Comparison of string search efficiency in Linux commands

Source: Internet
Author: User

 

Sometimes, we need to calculate the number of rows containing a special string in the next file.

 

The first thing I think of is grep + wc. I don't know what you think of, but we do have multiple methods.

 

 

 

Suppose our file is msg, which contains 23380092 rows of data.

 

Some rows are like this receive: msg1

 

Our task is to find the number of these rows.

 

 

 

1. grep Method

 

Grep 'msg' msg | wc-l

 

The time consumed by this method is 1 s.

 

 

 

2. awk Method

 

Awk 'in in {c = 1} {if ($0 ~ /Msg1/) c = c + 1} END {print c} 'msg

 

This method takes 8 s

 

 

 

3. Another awk Method

 

Awk 'in in {FS = ":"; c = 0 ;}{ if ($2 = "msg1") c = c + 1} END {print c} 'msg

 

This method takes 14 s

 

 

 

4. file descriptor open file Traversal

 

 

Shell code

#! /Bin/bash

Count = 0;

Exec 4 <msg

While read line <& 4

Do

If ["$ line" = "receive: msg1"]; then

Count = $ (count + 1 ))

Fi

Done

Exec 4 <&-

Echo $ count;

 

#! /Bin/bash

Count = 0;

Exec 4 <msg

While read line <& 4

Do

If ["$ line" = "receive: msg1"]; then

Count = $ (count + 1 ))

Fi

Done

Exec 4 <&-

Echo $ count.

 

Of course, the correctness of the script itself is tested through small files.

 

 

 

The efficiency of the above methods is simply superb. After so much data is filtered out, it takes only one second after wc statistics.

 

However, the method of traversing files by yourself is very inefficient, whether it is awk or writing scripts to open files by yourself.

 

 

 

It seems that we are still a little lazy. Haha.

 

From liuzhiqiangruc

Related Article

Contact Us

The content source of this page is from Internet, which doesn't represent Alibaba Cloud's opinion; products and services mentioned on that page don't have any relationship with Alibaba Cloud. If the content of the page makes you feel confusing, please write us an email, we will handle the problem within 5 days after receiving your email.

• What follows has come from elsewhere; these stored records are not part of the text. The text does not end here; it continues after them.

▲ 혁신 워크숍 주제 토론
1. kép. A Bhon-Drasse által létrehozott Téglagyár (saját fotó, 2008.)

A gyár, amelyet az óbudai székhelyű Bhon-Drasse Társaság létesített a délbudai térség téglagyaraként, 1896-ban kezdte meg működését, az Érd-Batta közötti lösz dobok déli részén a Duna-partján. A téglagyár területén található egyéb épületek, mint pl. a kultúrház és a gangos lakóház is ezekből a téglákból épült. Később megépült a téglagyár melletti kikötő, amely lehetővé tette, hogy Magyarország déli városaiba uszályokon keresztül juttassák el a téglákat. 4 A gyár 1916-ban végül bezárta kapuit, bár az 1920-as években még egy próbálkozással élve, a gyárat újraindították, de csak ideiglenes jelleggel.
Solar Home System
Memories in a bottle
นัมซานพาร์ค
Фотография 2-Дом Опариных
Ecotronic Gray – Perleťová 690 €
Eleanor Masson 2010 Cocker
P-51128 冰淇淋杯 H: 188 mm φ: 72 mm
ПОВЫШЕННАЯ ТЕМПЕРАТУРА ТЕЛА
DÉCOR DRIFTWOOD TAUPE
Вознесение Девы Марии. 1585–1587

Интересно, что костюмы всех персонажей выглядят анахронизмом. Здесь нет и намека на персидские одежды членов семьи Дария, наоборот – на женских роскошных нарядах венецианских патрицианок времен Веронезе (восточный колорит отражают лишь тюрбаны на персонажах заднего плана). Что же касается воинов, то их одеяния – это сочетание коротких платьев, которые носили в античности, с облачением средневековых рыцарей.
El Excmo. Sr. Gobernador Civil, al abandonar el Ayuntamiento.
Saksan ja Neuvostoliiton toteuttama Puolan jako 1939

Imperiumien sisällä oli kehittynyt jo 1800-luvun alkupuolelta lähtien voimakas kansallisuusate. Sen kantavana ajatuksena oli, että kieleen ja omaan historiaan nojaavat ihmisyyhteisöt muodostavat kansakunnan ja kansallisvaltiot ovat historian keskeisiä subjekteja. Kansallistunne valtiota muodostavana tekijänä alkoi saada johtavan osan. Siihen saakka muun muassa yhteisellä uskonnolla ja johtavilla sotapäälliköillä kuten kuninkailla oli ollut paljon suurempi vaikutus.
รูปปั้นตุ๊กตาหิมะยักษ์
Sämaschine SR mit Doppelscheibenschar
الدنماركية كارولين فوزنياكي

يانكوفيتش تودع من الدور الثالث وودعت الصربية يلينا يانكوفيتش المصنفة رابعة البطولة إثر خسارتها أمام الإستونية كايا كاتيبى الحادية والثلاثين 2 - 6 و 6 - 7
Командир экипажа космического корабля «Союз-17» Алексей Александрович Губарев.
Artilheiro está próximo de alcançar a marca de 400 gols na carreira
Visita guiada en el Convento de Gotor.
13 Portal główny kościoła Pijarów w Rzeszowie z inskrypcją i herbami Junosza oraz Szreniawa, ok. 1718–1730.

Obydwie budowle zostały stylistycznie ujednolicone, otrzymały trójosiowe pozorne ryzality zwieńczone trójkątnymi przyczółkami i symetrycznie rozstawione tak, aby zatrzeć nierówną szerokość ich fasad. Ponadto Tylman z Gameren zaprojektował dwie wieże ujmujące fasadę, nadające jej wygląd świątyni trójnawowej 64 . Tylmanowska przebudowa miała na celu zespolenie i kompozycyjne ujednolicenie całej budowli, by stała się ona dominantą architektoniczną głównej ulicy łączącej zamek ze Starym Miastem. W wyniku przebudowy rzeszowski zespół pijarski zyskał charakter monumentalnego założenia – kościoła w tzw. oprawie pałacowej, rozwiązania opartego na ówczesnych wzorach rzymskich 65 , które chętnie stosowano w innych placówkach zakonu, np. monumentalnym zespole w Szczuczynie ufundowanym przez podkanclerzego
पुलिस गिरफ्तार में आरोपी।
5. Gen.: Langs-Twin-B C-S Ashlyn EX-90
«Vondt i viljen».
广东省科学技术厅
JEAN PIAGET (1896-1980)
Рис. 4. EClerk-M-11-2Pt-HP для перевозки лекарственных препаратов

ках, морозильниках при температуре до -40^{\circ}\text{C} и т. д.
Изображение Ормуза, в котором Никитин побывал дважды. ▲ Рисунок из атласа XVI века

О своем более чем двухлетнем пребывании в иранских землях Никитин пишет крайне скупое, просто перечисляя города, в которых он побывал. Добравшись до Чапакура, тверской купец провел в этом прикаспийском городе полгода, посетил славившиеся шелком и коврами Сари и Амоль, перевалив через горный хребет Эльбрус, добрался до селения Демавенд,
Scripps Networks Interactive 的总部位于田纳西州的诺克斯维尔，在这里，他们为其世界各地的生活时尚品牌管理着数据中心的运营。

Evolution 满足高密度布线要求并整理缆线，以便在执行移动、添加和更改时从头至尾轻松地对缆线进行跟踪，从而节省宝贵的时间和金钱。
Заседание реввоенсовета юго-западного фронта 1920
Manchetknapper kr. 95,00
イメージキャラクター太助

If you find any instances of plagiarism from the community, please send an email to: info-contact@alibabacloud.com and provide relevant evidence. A staff member will contact you within 5 working days.

A Free Trial That Lets You Build Big!

Start building with 50+ products and up to 12 months usage for Elastic Compute Service

  • Sales Support

    1 on 1 presale consultation

  • After-Sales Support

    24/7 Technical Support 6 Free Tickets per Quarter Faster Response

  • Alibaba Cloud offers highly flexible support services tailored to meet your exact needs.